Saved You A Google: Roque gives up senatorial bid, pork barrel allocations, the measles outbreak and Persida Acosta.

The news has been pretty hectic. Senators are making moves, and sicknesses that shouldn’t be a problem are becoming a problem again. With all the things going on as election season draws near, this Saved You A Google offers you bite-sized info on not-so-bite-sized issues.

 

Harry Roque drops out of the senatorial race

Last Feb. 1, former presidential spokesperson and lawyer Harry Roque announced his withdrawal from May’s senatorial race citing health complications.

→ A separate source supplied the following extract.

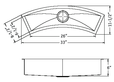 Curved Stainless Steel Trough Sink 33" x 11-1/2" 26" x 6-1/2" - 6" depth $507.30
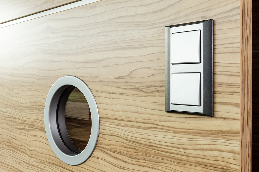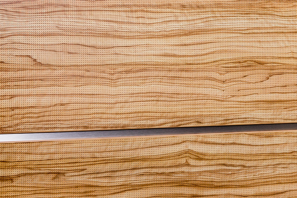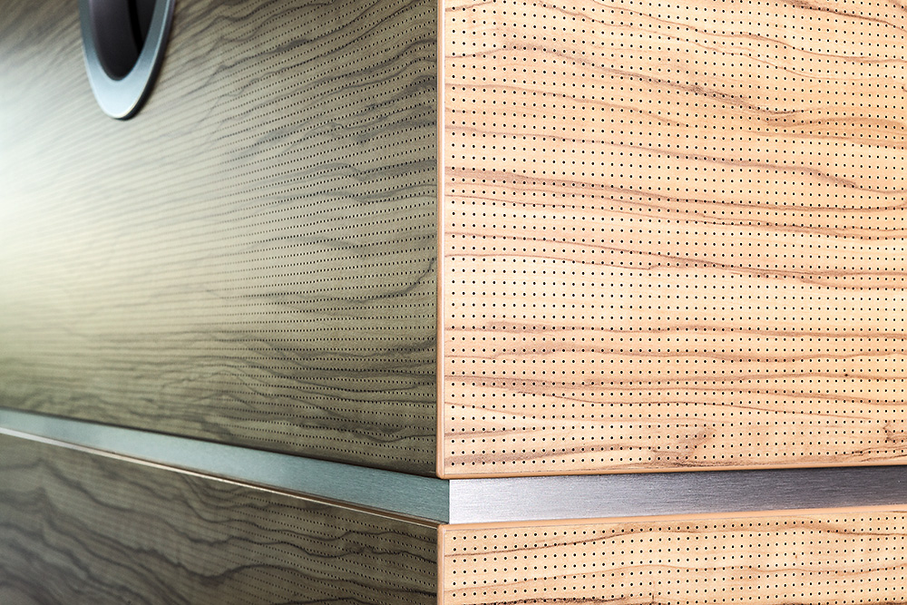 Die randlose Lochung der Platte ermöglicht passgenaue Zuschnitte für anspruchsvolle Geometrien und problemloses Integrieren von weiteren Bauteilen, Glasflächen und Türen, Schaltern, etc.

According to an announcement on his official Facebook page, the supposed People’s Reform Party candidate revealed that he has undergone a non-surgical procedure following the discovery of an “unstable angina coronary disease” earlier this week.

Despite the complications, Roque also said, “It is my sincere hope that I will someday again have the honor to serve the Filipino people as a legislator, or in whatever other capacity I may be of service.” Prior to the announcement, he held a low 21-26 ranking on Pulse Asia’s senatorial preference survey.

 

Alleged pork barrel allocations

After the recent celebration of the Year of the Pig, the concept of “pork” is ironically unwelcome in the other side of the spectrum, specifically in public service.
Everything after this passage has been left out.